FOR IMMEDIATE RELEASE
July 3, 2012
Reconfiguration of state trust lands near Lake Whatcom approved
Board of Natural Resources also approves public auction of state-owned parcels in Okanogan County; OKs small-scale biomass direct sales
OLYMPIA – The state Board of Natural Resources (Board) today approved an exchange of trust designations for just over 4,700 acres of state trust lands bordering Lake Whatcom. The ‘inter-trust’ exchange approved today prepares for the Whatcom County Council’s anticipated request to regain ownership of a large section of state trust forestland in the Lake Whatcom watershed for use as a county park.
The Washington State Department of Natural Resources (DNR) manages thousands of acres in the Lake Whatcom area for the benefit of several state trust land beneficiaries, including Whatcom County schools and services. Currently, the various trusts’ ownerships are intermingled throughout the Lake Whatcom landscape; the inter-trust exchange will consolidate each trust’s holdings to improve their management efficiency.
DNR manages several hundred thousand acres of forestland, mostly in western Washington, for the benefit of several counties. Most of the trust lands were turned over to the state by counties in the early twentieth century after the forests were logged and abandoned by their owners. The state’s ‘reconveyance’ process gives counties the option to request ownership of those lands but only for use as parks, open space or wildlife habitat.
The Board today gave the go-ahead for a public auction of five parcels of state trust land in Okanogan County. Most of the parcels, which range between 30 and 40 acres in size, are non-irrigated lands and produce little or no income for the beneficiaries of the state’s Common School Trust and Normal School Trust (supporting construction at Western, Central and Eastern Washington State universities).
The auction date is tentatively scheduled for August 22, 2012, in the Okanogan County Commissioner’s Hearing Room. Minimum starting cash bids, which by law are set by independent appraisal, range from $63,500 to $380,000 per parcel. DNR will use the proceeds to purchase more productive natural resource lands to provide long-term support for public school construction statewide. The total appraised value of the parcels is $989,500.
The Board also authorized DNR to enter into small contracts of up to $25,000 for forest biomass sales without prior review by the Board. The move could help the state’s developing biomass-to-fuel forest products industry by boosting small-scale sales of forest biomass products from state trust lands. In addition to reducing wildfire risk by speeding the removal of potentially hazardous slash piles left after logging operations, the small-contract authority could be used when site conditions, such as size of the timber unit, prohibit biomass from being included in a larger contracts typically approved by the Board.
The Board today also approved a request by Commissioner of Public Lands Peter Goldmark to retain DNR’s current 27 percent management fee through the end of Fiscal Year 2013, which is June 30, 2013. The Board acted in 2011 to lower the fee below the statutory ceiling of 30 percent in response to improved prices for the timber DNR auctions from state trust lands.
Beneficiaries of state trust lands include public K-12 schools statewide, several counties, state universities, the State Capitol campus, and state penal institutions.

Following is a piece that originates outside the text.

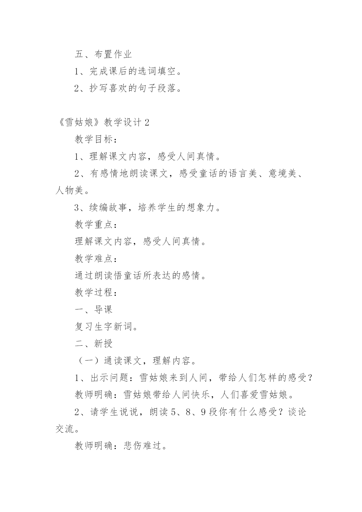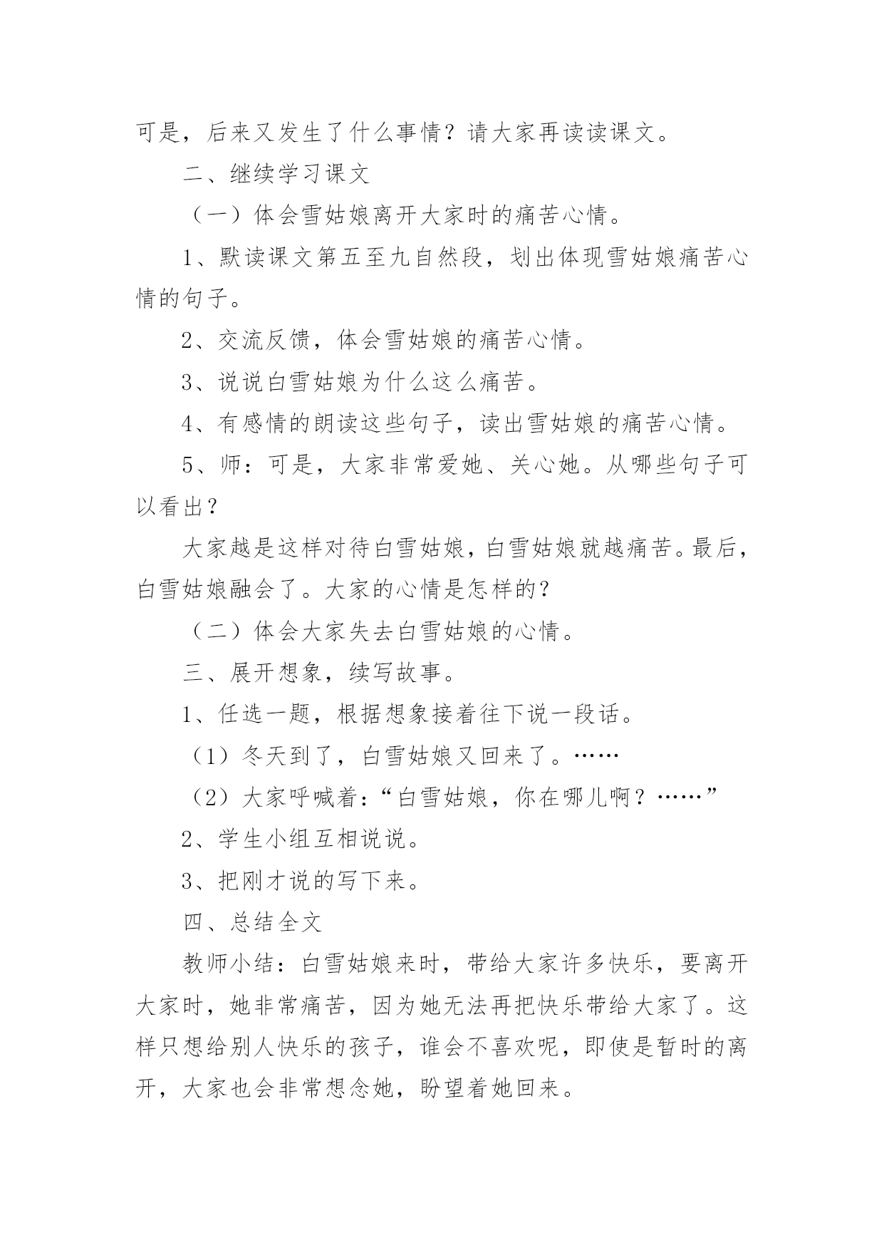 《雪姑娘》教学设计作为一名为他人授业解惑的教育工作者,总归要编写教学设计,教学设计把教学各要素看成一个系统,分析教学问题和需求,确立解决的程序纲要,使教学效果最优化。优秀的教学设计都具备一些什么特点呢?下面是小编精心整理的《雪姑娘》教学设计,欢迎大家分享。《雪姑娘》教学设计1教学要求1、读通课文,学习并掌握本课的生字新词。2、理解课文内容,了解雪姑娘给大家带来的欢乐,体会她离开大家时的痛苦心情。3、展开想象,续写故事。4、有感情的朗读课文。重点难点1、了解雪姑娘给大家带来的欢乐,体会她离开大家时的痛苦心情。2、展开想象,续写故事。课时划分两课时第一课时教学目标1、读通课文,学习并掌握本课的生字新词。2、整体感知课文内容。3、了解雪姑娘给大家带来的欢乐,体会她离开大家时的痛苦心情。教具准备生字词语卡片教学过程一、谈话,导入新课1、师:童话那动人的故事和优美的语言,总能把我们带入美好的情境,使我们受到真、善、美的熏陶。今天,我们就来学习一篇童话。板书课题《雪姑娘》,齐声朗读。2、师:看到这个题目,你有什么疑问?二、粗读课文,感知内容1、自读课文。(1)小组合作学习生字新词。(2)采用比赛的方式,让学生仔细读课文,并作简单的批注。(3)读了故事后,你有什么感受?这篇童话讲了一个怎样的故事?2、检查自学的情况。(1)出示生字词语卡片,指名读,教师强调。(2)指名学生逐段朗读课文。(3)齐读课文。(4)结合相关的`语句,说说读后的感受。(5)说说童话讲了一个什么故事。三、学习课文第一至四自然段,了解雪姑娘带给大家的欢乐1、默读课文,想一想自己喜欢的雪姑娘吗?为什么?2、学生反馈。3、有感情的朗读这部分的内容。四、课堂小结师:伊万和玛璐莎两位老人堆的雪孩子居然活了,他们可真高兴,把她当作自己的孩子,曾经冷冷清清的小屋现在充满了生气和欢乐。雪姑娘带给大家许多欢乐。那么,后来又发生什么事情呢?下节课继续学习课文。五、布置作业熟读课文第二时教学目标1、体会雪姑娘离开大家时的痛苦心情。2、有感情的朗读课文。3、展开想象,续写课文。教学过程一、复习,导入新课1、听写词语。2、师:雪姑娘带给大家许多快乐。她带给伊万和玛璐莎的快乐。“曾经冷冷清清的小屋现在充满了生气和欢乐。”她带给孩子们的快乐。“孩子们纷纷来找雪姑娘玩。他们唱歌给她听,还告诉她种种新鲜的事。”大家都喜欢雪姑娘。可是,后来又发生了什么事情?请大家再读读课文。二、继续学习课文(一)体会雪姑娘离开大家时的痛苦心情。1、默读课文第五至九自然段,划出体现雪姑娘痛苦心情的句子。2、交流反馈,体会雪姑娘的痛苦心情。3、说说白雪姑娘为什么这么痛苦。4、有感情的朗读这些句子,读出雪姑娘的痛苦心情。5、师:可是,大家非常爱她、关心她。从哪些句子可以看出?大家越是这样对待白雪姑娘,白雪姑娘就越痛苦。最后,白雪姑娘融会了。大家的心情是怎样的?(二)体会大家失去白雪姑娘的心情。三、展开想象,续写故事。1、任选一题,根据想象接着往下说一段话。(1)冬天到了,白雪姑娘又回来了。……(2)大家呼喊着:“白雪姑娘,你在哪儿啊?……”2、学生小组互相说说。3、把刚才说的写下来。四、总结全文教师小结:白雪姑娘来时,带给大家许多快乐,要离开大家时,她非常痛苦,因为她无法再把快乐带给大家了。这样只想给别人快乐的孩子,谁会不喜欢呢,即使是暂时的离开,大家也会非常想念她,盼望着她回来。五、布置作业1、完成课后的选词填空。2、抄写喜欢的句子段落。《雪姑娘》教学设计2教学目标:1、理解课文内容,感受人间真情。2、有感情地朗读课文,感受童话的语言美、意境美、人物美。3、续编故事,培养学生的想象力。教学重点:理解课文内容,感受人间真情。教学难点:通过朗读悟童话所表达的感情。教学过程:一、导课复习生字新词。二、新授(一)通读课文,理解内容。1、出示问题:雪姑娘来到人间,带给人们怎样的感受?教师明确:雪姑娘带给人间快乐,人们喜爱雪姑娘。2、请学生说说,朗读5、8、9段你有什么感受?谈论交流。教师明确:悲伤难过。3、请同学们看看屏幕上的三个片段,学生谈自己的发现。(二)品读课文,深入体会。1、体会雪姑娘将要离开人间,她的内心发生了那些变化?把你印象最深或感受最深的词语和句子划记下来。教师明确:忧郁悲伤叹息2、朗读充满情感的语句,深入体会思想感情。“是啊,大自然这么美好,人间这么快乐,而我们的白雪姑娘却要离开了,这怎能不让她忧伤、不让她痛苦呢?”体会忧伤、痛苦的感情。(三)合作探究,体会写法。作者在描写白雪姑娘的忧伤时,都先写了大自然的变化和人们的快乐,你觉得这样写好吗?为什么?教师明确:世界越是美好、雪姑娘就越是忧伤不舍离去。通过以乐景更加衬托出了雪姑娘的哀情。(四)联系生活,体会人间真情。1、朗读全文。2、教师谈话激发学生的.情感:从生活

DNR retains a portion of the revenues it produces from those lands to replant forests, improve habitat, assure clean water, and other important forestland management activities.
New board member
The Board welcomed its newest member today, Steven West, professor and interim director of the University of Washington School of Environmental and Forest Sciences, to represent the interests of the university – a beneficiary of state trust lands. He replaces Thomas Hinkley, the school’s previous interim director.

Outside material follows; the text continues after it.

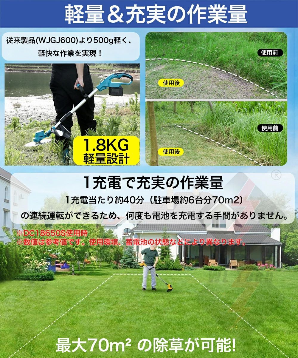 ◆大容量のバッテリー搭載& スマート管理機能 この電動草刈り機は、大容量のバッテリーを搭載しており、フル充電で1.5時間利用可能。

More information about the proposed Lake Whatcom reconveyance:
More information about the Okanogan auctions:
DNR manages state trust lands
Administered by Commissioner of Public Lands Peter Goldmark, DNR manages more than 5.6 million acres of state-owned forest, range, commercial, agricultural, conservation, and aquatic lands. Of these, more than half are held in trust to produce income to support public schools, universities, prisons, and other state institutions. These state trust lands managed by DNR provide other public benefits, including outdoor recreation, habitat for native fish and wildlife, and watersheds for clean water.